───── PROVIDED MATERIAL
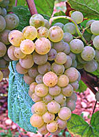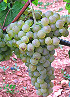 Grappes moyennes à grandes, cylindriques, compactes, ailées; baies petites à moyennes de grosseur irrégulière, sphériques ou légèrement aplaties, blanches devenant rosées à complète maturité, peu juteuses.
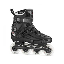 Platine en alu serie 6000 extrudée, 2 arches - profil abaissé - ultra légère - 243 mm - réglage avant-arrière et latéral. Coque PU, slider extrême. Absorbeur de chocs. Cuff renforcé, coupe haute. Strap coup de pied boucle en aluminium micro réglable. Roues Hyper Concrete 80mm / 84A. Roulements ABEC 7. infos + Axes course 8 mm - entretoises aluminium. PAS de frein dans la boîte
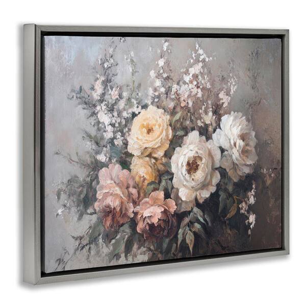 Roses and Peonies on Gray by Petal Prints Design Gray Floater Frame Nature Graphic Art Print 25 in. x 31 in.
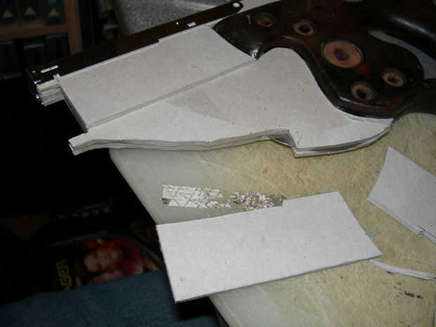 Con esta sección, si sigues las fotografías a lo largo, me verán poco a poco comienzan a construir un cañón, para cada capa de cartón hice una plantilla de papel simple para obtener la forma correcta.
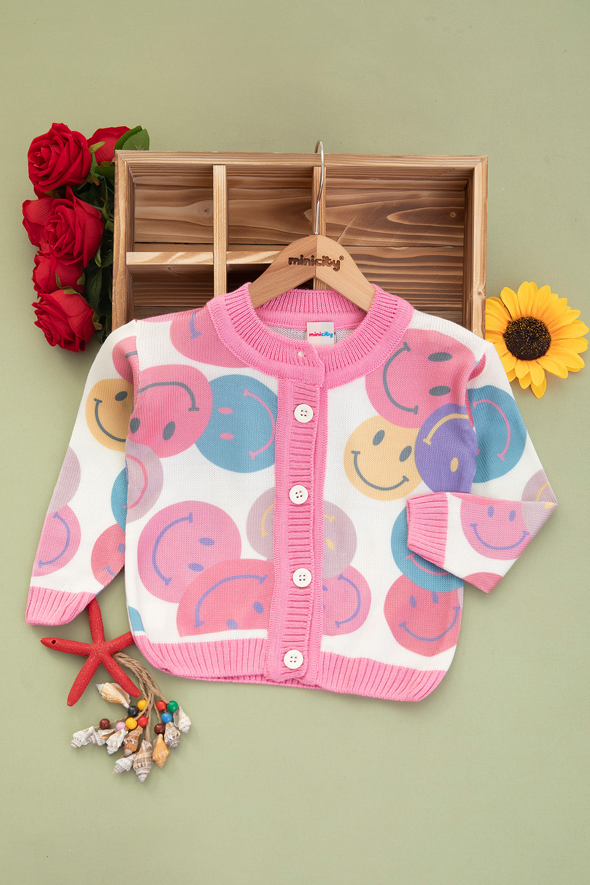 Kız Çocuk Gülenyüz Baskılı Triko Hırka (2-8 Yaş)
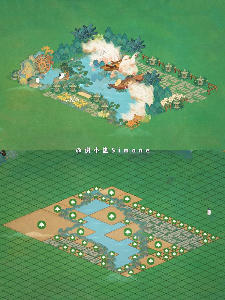 节气建筑专属:上篇发了「蒹葭苍苍」的仙女湖码头布局,再发一个陆地版的布局,实在太爱叮咚水车了,哪里有空往哪里塞hhhh~#桃源深处有人家装修#桃源布局大赏##桃源深处有人家#桃源深处有人家布局展示
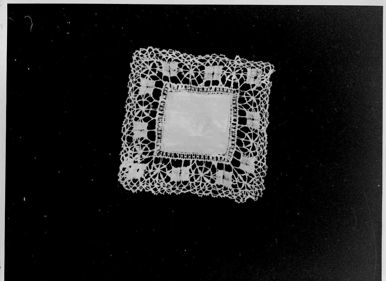 - NOTIZIE STORICO CRITICHE La tecnica del pizzo è tipicamente ligure, a fili continui. Il motivo decorativo delle rosette composte di armelle a punto stupia è anche ligure, richiama in particolare gli elementi caratteristici della produzione genovese del XVII secolo, largamente imitata e rielaborata nel XIX secolo anche in altri paesi europei. In qwuesto pezzo la lavorazione è piuttosto irregolare, il filo relativamente sottile. Il bordo è lavorato su misura per il riquadro di tela e non presenta pieghe agli angoli. La palla è inamidata a lucido. Tela e pizzo sono di colore bianco avorio
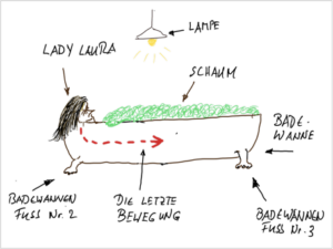 Wir erinnern uns an die Schlüsselszene, wo sie in ihrem Schaumbad mit einer anmutigen Geste eine Haarlocke hinter ihr rechtes Ohr strich, „Hach” seufzte und dann im Schaum verschwand.
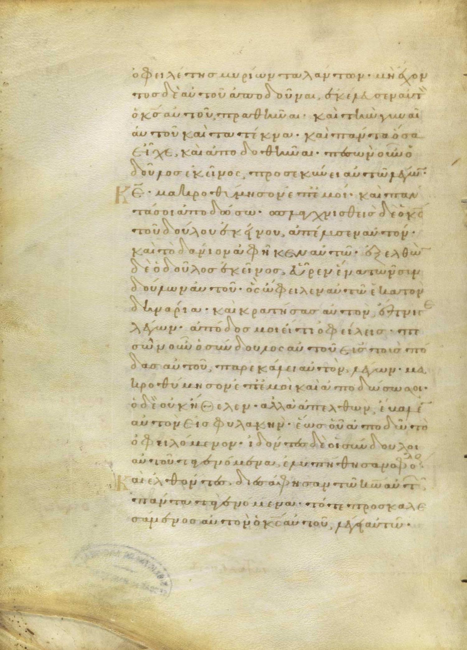 ὁ δὲ οὐκ ἤθελεν, ἀλλὰ ἀπελθὼν ἔβαλεν αὐτὸν εἰς φυλακὴν ἕως ἀποδῷ τὸ ὀφειλόμενον.
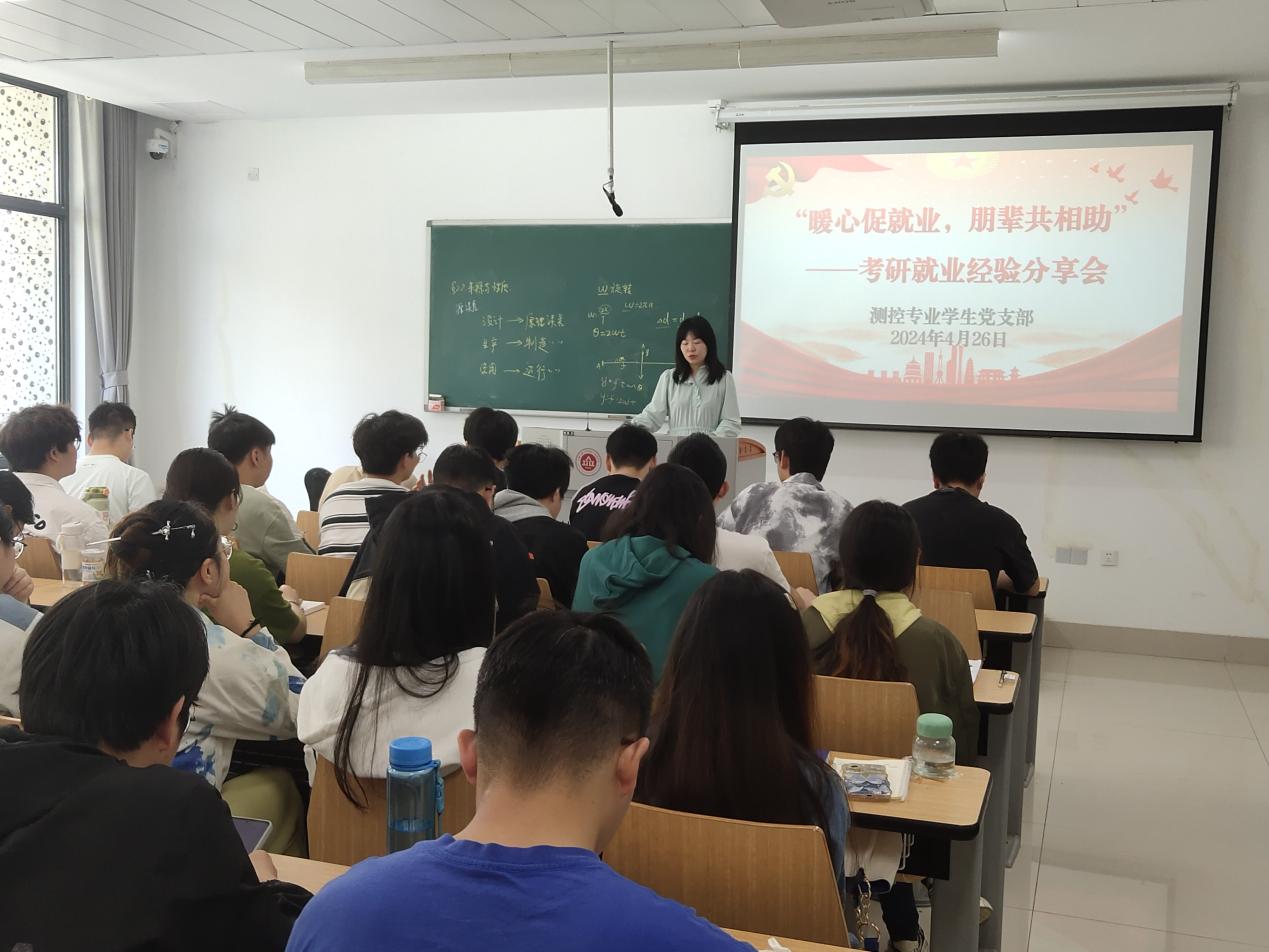 为帮助测控专业员工尽早明确方向、做好规划,指导他们顺利走好就业及考研之路,4月26日,测控专业员工党支部在学习中心X206教室开展以“暖心促就业,朋辈共相助”为主题的就业考研经验分享会,支部党员、2020级和2021级测控专业部分员工参与其中。活动由支部书记时慕天主持。
──────────
● WHAT YOU SHOULD DO: With the pictures left out, restate word for word every line of the data above, from the first down to the line that contains "Platine en alu".

● WRITTEN ANSWER:
 Grappes moyennes à grandes, cylindriques, compactes, ailées; baies petites à moyennes de grosseur irrégulière, sphériques ou légèrement aplaties, blanches devenant rosées à complète maturité, peu juteuses.
 Platine en alu serie 6000 extrudée, 2 arches - profil abaissé - ultra légère - 243 mm - réglage avant-arrière et latéral. Coque PU, slider extrême. Absorbeur de chocs. Cuff renforcé, coupe haute. Strap coup de pied boucle en aluminium micro réglable. Roues Hyper Concrete 80mm / 84A. Roulements ABEC 7. infos + Axes course 8 mm - entretoises aluminium. PAS de frein dans la boîte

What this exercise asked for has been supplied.